Of course, all of that is easy to say. But the reason that product managers are spending so little of their collective time on this critical endeavor is the fact that insight gathering is often seen as optional – at least when compared to helping someone close an actual deal. In my corporate experience, when faced with the choice of planning or doing, doing wins every time. The trouble with that approach is that the doing all becomes pretty random without any plan to back it up; and also pretty inefficient to boot. So, it is incumbent upon every product manager to make time for the plan – and you’ll hear me say this on every episode of the podcast. In short, make proactive visiting with customers (not selling to them) an integral part of your weekly and monthly schedule. Put it on your calendar and make it a non-optional task. Then your insight gathering will have no beginning, no middle, and no end – it will just be a constant part of what you do and think about every day.

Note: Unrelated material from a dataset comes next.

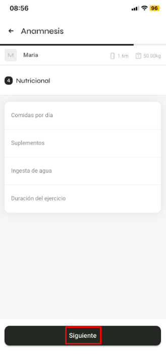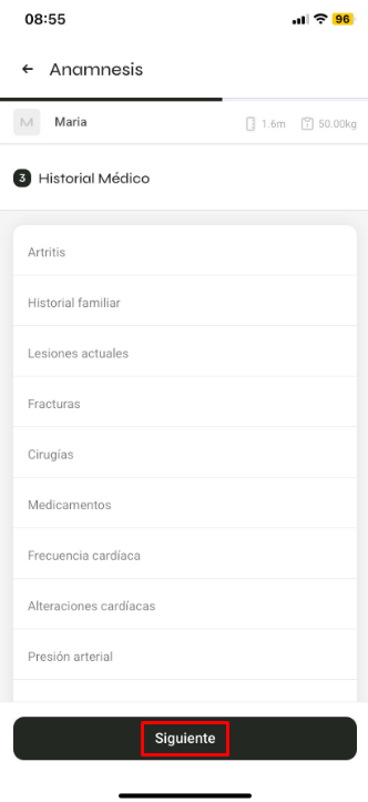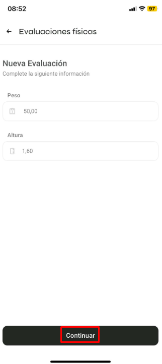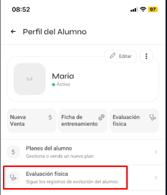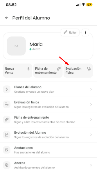 También puedes hacer clic en 'Evaluación Física', donde podrás analizar evaluaciones anteriores y registrar nuevas:

Now, onto the second part of the question regarding if there is a difference in the feedback gathering process between B2B companies and B2C companies. The answer here is “yes” – but only in as much as the methodology; not the frequency. Or at least this is how I believe it should be. In my experience, B2C companies do probably pay more attention to proactively gathering customer feedback on a regular basis because, if they didn’t, they probably wouldn’t be in business for very long. When the buyer of your product is the same as the user of your product, you don’t get a lot of leeway if you put out a real clunker. But in B2B, you are usually selling to an entity where the purchasing decision may be one or two steps removed from the actual user experience. That’s not to say that B2B companies shouldn’t pay just as much attention to the end user as B2C companies; it’s just to say that sometimes they don’t.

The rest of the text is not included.